Task prompt: Below are entries with pictures in them. Output exactly the lines starting at the line with "- Altre caratteristiche: cappuccio" and ending at the line with "Piccola fiat arancione", both included, but not the pictures.

Extracted records:
^^^^^^^^

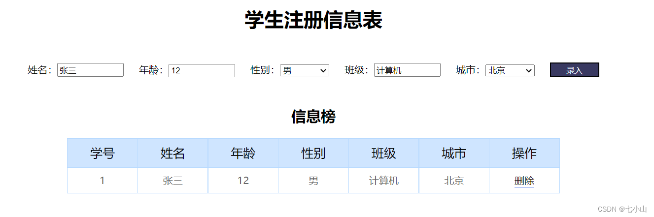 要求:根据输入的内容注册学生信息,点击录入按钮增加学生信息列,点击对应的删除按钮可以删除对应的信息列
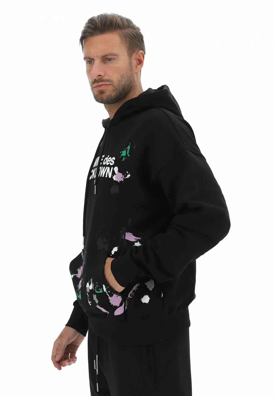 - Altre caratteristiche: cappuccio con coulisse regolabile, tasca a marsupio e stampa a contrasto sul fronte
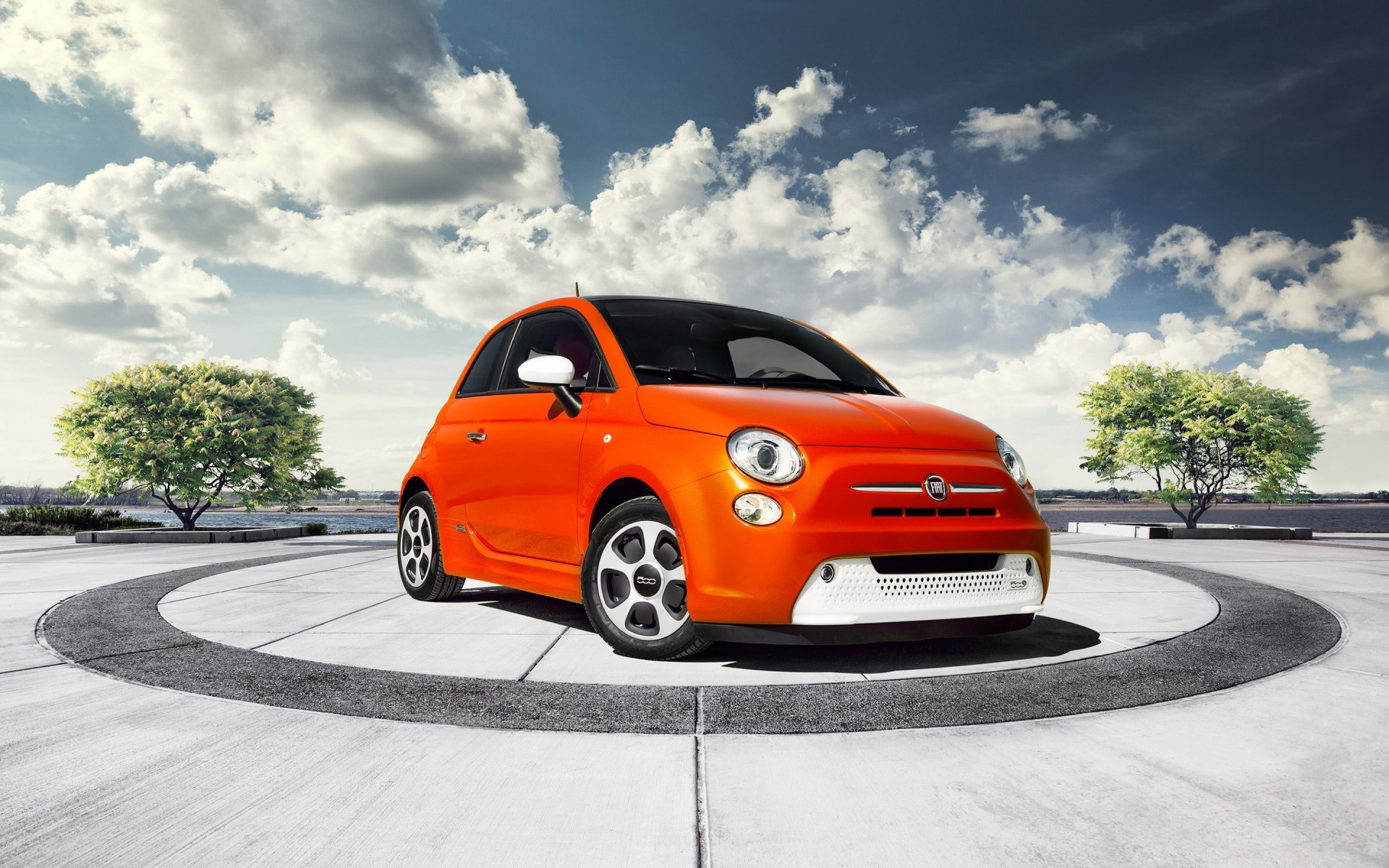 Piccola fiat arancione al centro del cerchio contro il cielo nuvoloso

^^^^^^^^

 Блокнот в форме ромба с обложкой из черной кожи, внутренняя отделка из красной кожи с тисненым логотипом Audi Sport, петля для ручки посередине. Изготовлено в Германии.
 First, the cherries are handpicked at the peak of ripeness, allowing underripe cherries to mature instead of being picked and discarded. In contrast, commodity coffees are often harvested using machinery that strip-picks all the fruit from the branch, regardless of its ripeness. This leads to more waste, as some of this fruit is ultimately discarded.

^^^^^^^^

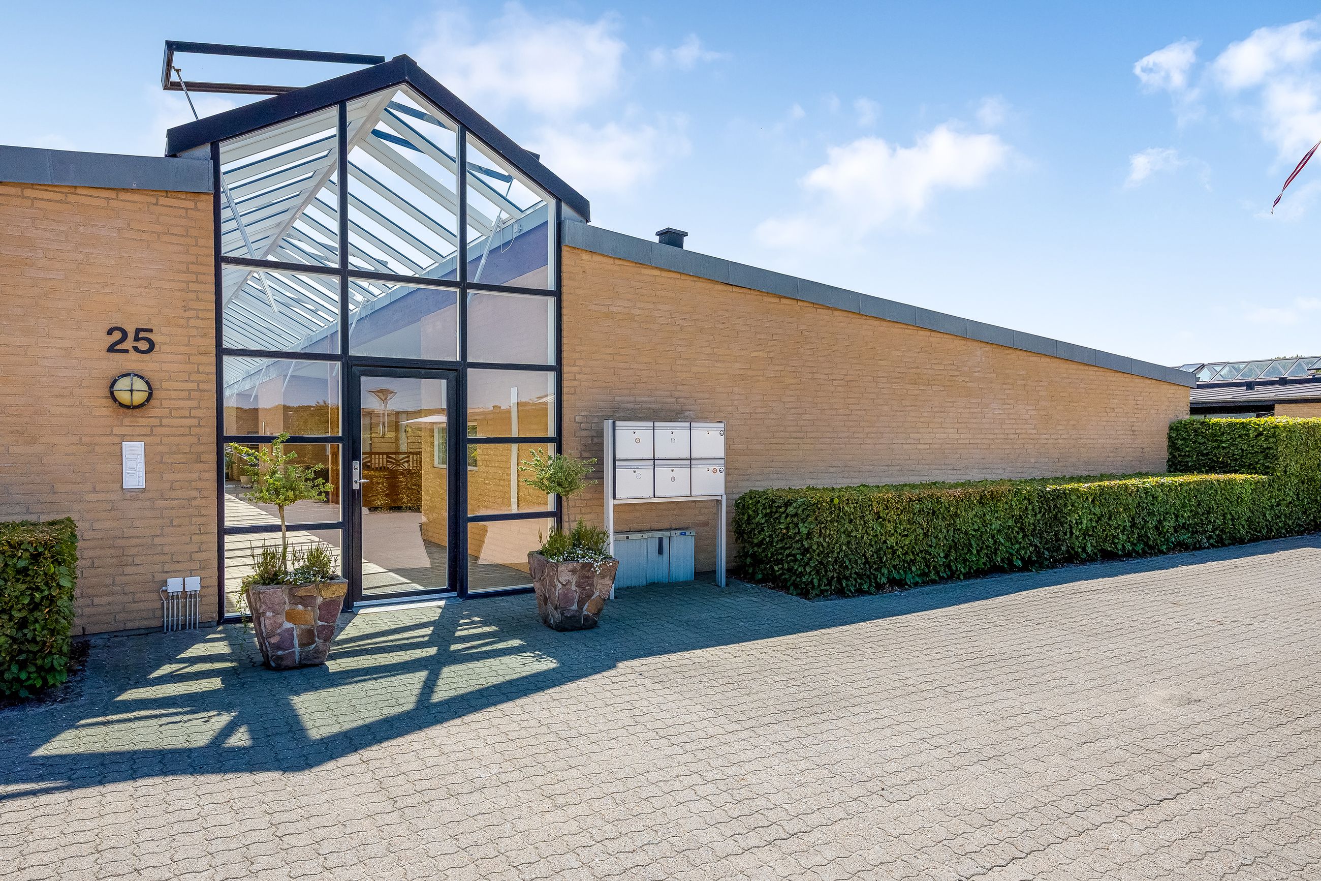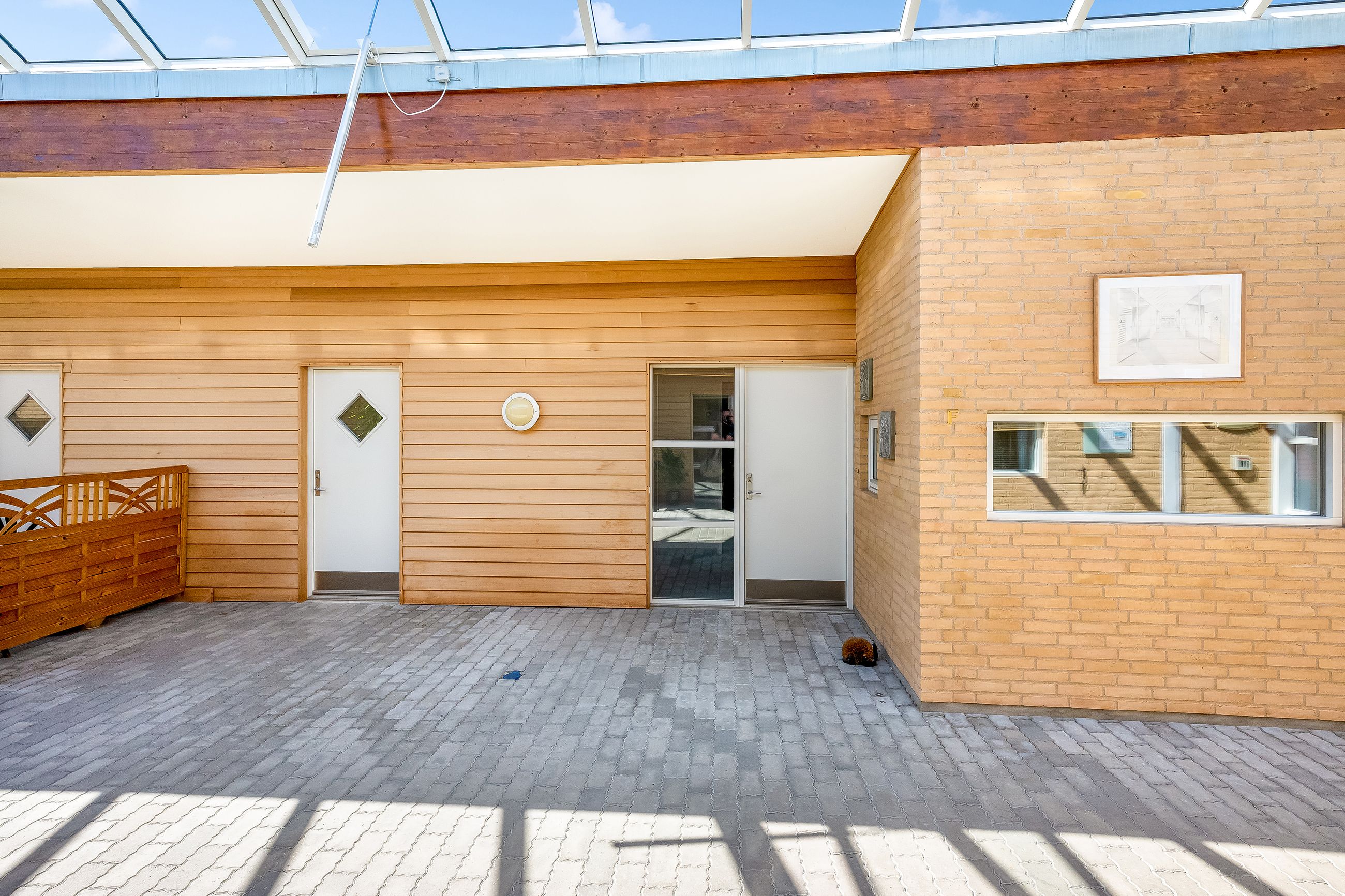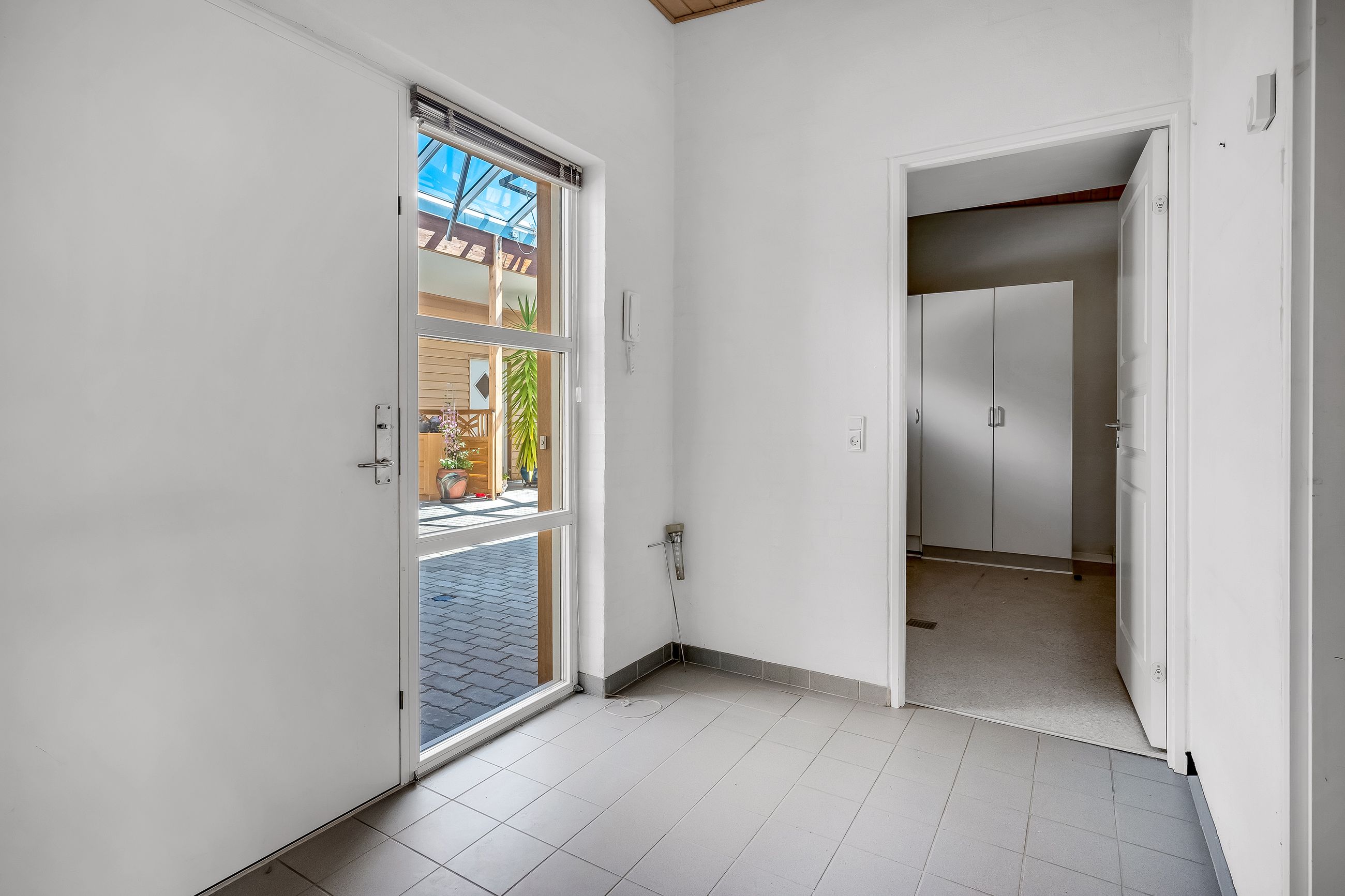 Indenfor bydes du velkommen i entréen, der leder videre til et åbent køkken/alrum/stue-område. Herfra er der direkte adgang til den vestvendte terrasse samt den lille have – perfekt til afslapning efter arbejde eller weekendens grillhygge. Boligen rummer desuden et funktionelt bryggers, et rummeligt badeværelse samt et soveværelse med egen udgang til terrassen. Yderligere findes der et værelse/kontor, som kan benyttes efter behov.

^^^^^^^^

Written solution:
 - Altre caratteristiche: cappuccio con coulisse regolabile, tasca a marsupio e stampa a contrasto sul fronte
 Piccola fiat arancione al centro del cerchio contro il cielo nuvoloso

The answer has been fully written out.